Family

Sun has returned and Angie at home. Well physically at least. She spent most of the morning sorting out her mother and father. They both have the same GP and Angie had to talk through both cases with him. Luckily he has said he will drive out to check out father in the care home and deliver the prescriptions for the physiotherapist and hopefully will read the riot act both to the owner of the home but also and more importantly to Sepp telling him he must grit his teeth and get through the next couple of weeks before the rehab starts.

I did little else but finally make the mango chutney. The original recipe called for 8 mangoes but my bank manager had only authorised two. Somehow I didn't quite adjust the other ingredients to match. I can now eat a curry that consists of nothing else but rice and the mango chutney. Boy can ginger clear the airways!

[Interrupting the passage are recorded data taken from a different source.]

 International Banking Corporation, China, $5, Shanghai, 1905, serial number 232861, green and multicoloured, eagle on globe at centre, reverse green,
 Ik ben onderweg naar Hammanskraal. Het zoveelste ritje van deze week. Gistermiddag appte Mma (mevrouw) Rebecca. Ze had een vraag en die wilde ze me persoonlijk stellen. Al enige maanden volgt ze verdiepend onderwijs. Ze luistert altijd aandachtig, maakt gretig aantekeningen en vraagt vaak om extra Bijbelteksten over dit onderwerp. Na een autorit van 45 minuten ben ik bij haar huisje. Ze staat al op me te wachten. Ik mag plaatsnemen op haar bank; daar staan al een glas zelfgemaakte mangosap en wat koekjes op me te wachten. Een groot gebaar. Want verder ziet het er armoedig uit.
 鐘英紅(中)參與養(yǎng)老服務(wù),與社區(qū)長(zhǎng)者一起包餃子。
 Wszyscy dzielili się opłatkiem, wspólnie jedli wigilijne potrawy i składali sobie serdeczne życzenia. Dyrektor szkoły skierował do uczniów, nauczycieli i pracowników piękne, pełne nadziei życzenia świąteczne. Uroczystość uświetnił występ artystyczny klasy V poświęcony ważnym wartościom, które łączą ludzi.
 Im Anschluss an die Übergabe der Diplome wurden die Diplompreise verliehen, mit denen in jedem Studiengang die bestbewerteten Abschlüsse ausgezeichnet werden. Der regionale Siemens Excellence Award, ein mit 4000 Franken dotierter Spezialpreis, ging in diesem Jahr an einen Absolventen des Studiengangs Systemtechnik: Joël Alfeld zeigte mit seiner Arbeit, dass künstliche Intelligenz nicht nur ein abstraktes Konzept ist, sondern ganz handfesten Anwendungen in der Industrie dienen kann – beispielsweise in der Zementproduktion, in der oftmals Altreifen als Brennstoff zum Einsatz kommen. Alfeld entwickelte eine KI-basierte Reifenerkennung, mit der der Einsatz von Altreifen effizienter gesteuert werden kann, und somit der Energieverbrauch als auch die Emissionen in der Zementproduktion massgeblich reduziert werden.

Apart from a very late evening walk where I tried taking the only photos of the day and which were too faint to use today, I spent time connected to my family. Goodness can the internet and modern technology be wonderful.

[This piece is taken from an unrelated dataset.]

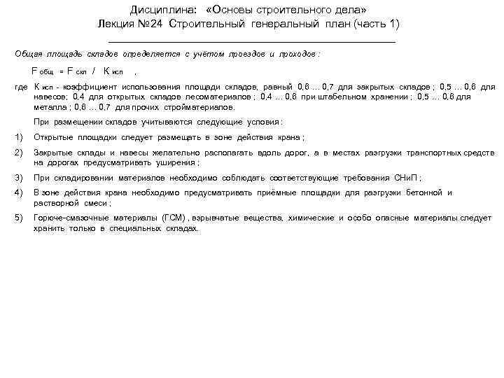 Дисциплина: «Основы строительного дела» Лекция № 24 Строительный генеральный план (часть 1) Общая площадь складов определяется с учётом проездов и проходов : F общ = F скл / К исп , где К исп - коэффициент использования площади складов, равный 0, 6 … 0, 7 для закрытых складов ; 0, 5 … 0, 6 для навесов; 0, 4 для открытых складов лесоматериалов ; 0, 4 … 0, 6 при штабельном хранении ; 0, 5 … 0, 6 для металла ; 0, 6 … 0, 7 для прочих стройматериалов. При размещении складов учитываются следующие условия : 1) Открытые площадки следует размещать в зоне действия крана ; 2) Закрытые склады и навесы желательно располагать вдоль дорог, а в местах разгрузки транспортных средств на дорогах предусматривать уширения ; 3) При складировании материалов необходимо соблюдать соответствующие требования СНи. П ; 4) В зоне действия крана необходимо предусматривать приёмные площадки для разгрузки бетонной и растворной смеси ; 5) Горюче-смазочные материалы (ГСМ) , взрывчатые вещества, химические и особо опасные материалы следует хранить только в специальных складах.

Son J in USA doing a tour from Seattle to San Diego with his UK mate. They have done Washington State, today finished Oregon where the top photo was taken - Crater Lake. Very high up in the mountains and 3°C at 10:30 am. By evening they entered California and 32°C at 4:00 pm.

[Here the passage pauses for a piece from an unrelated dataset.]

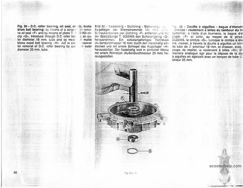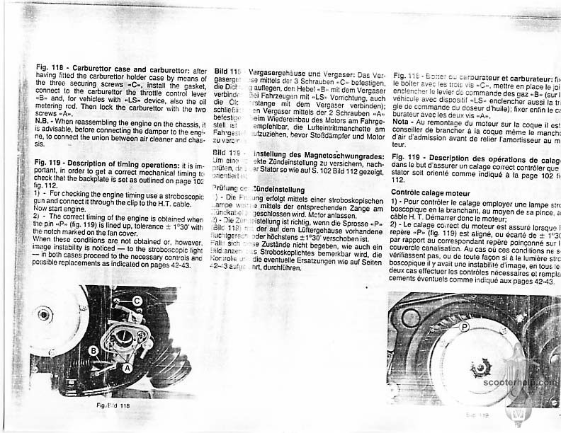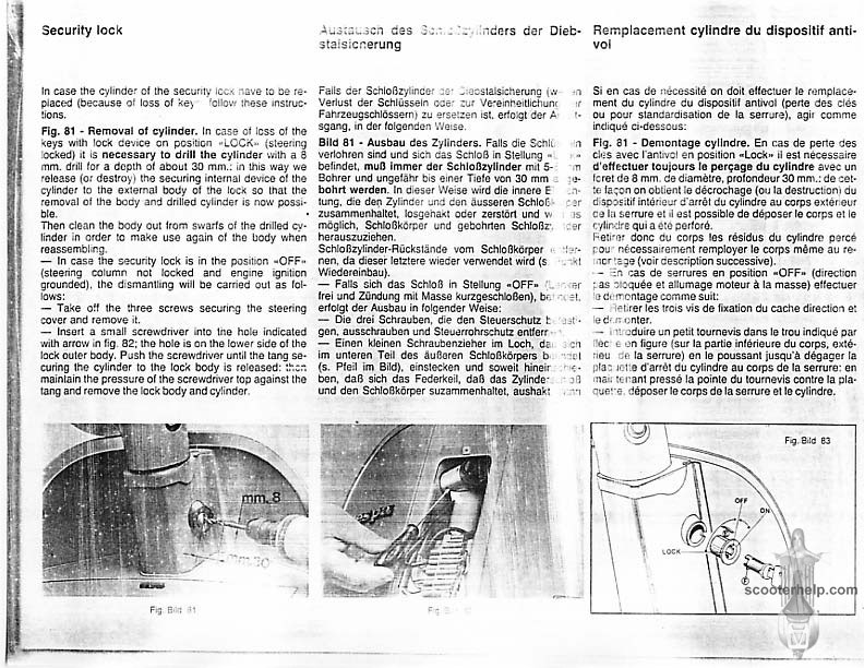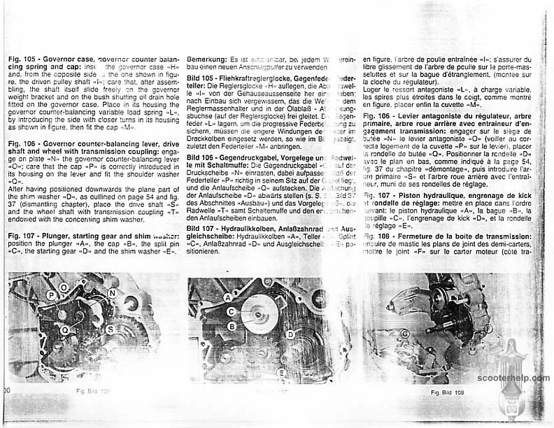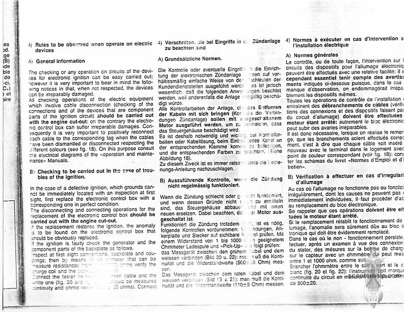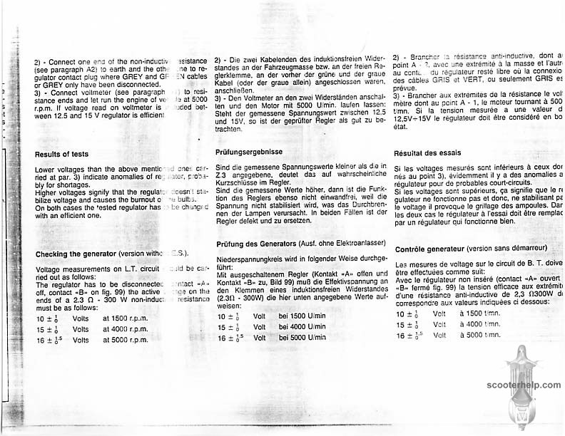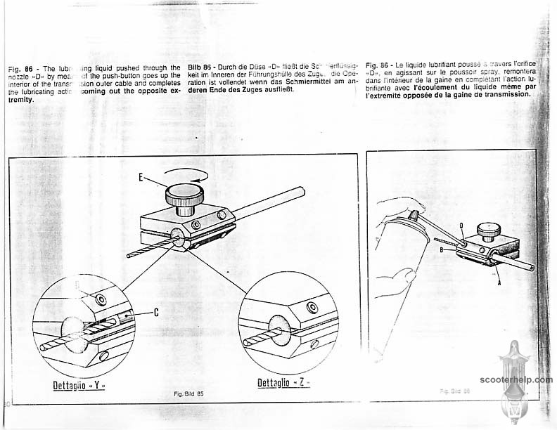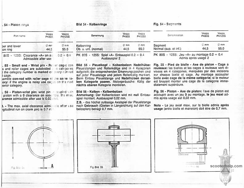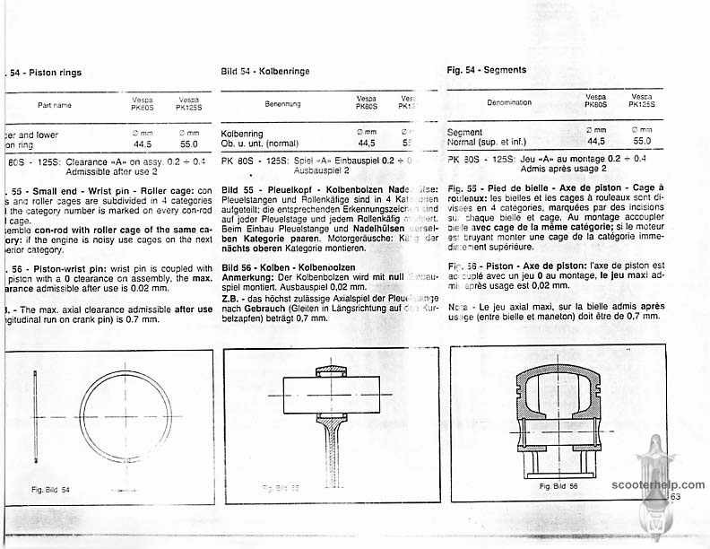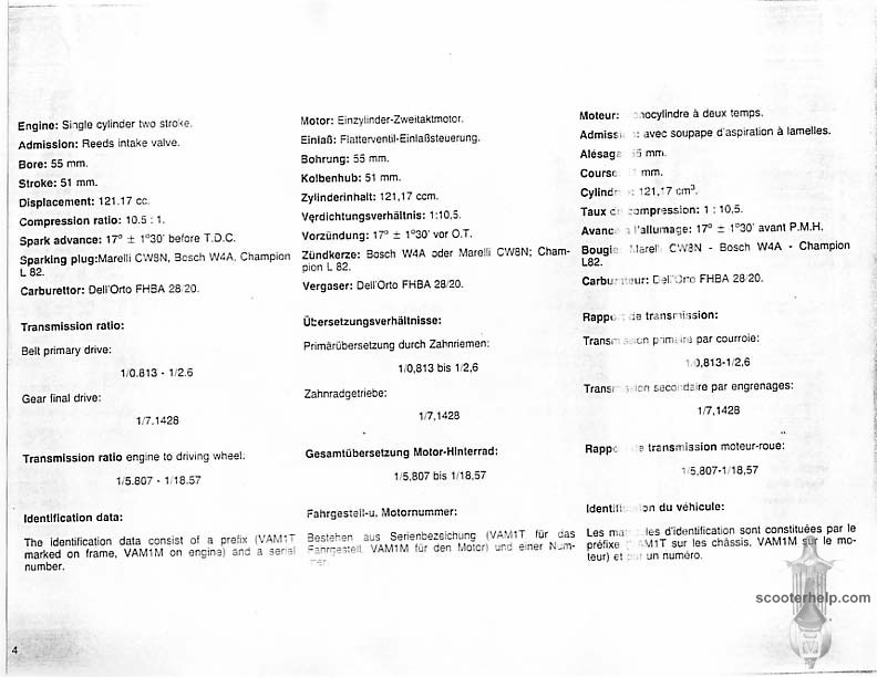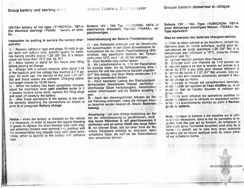 Vespa PK80S Automatica & PK125S Automatica Factory Repair BookThese scans are taken from the original service book which was distributed to dealers in the 80s. It shows some maintenance information, a quick guide to disassembly, and various pages of tolerances and electrical diagrams. It also give loads of electrical information and testing options for the ignition system, and shows many cool factory tools that were available to repair shops. Click each thumbnail for a 150 dpi image. If you prefer a PDF file of all the pages click here for a 13.2MB file download. |

So watch out San Francisco. The guys are about to cross the bridge and make your city unsafe. Lock up your daughters and shut down your bars.

And meanwhile back in good old Europe...yes....Republic of Ireland: the grandchildren showed off their latest Hogwarts University gear. Daughter Kate phoned in the evening and I heard grandson Elliot in the background say he couldn't see a thing through the specs!

Although I'm not too sure I would have liked my parents to have had such "control" over me in my late teen years, there would have been times when such easy, almost real-time contact would have been great.

When I think back to the times as an 8-year-old when I could go for 10 months without hearing my parents voices or seeing their faces. Phoning from the UK to Trinidad was no doubt possible with a lot of effort but unaffordable. Letters were the only practical contact and the highlight of contact was getting a telegram which possibly happened once every few years - I was always at home on my birthday and I can only think a telegram would have announced some last minute change in plans for me to spend holidays with a relation.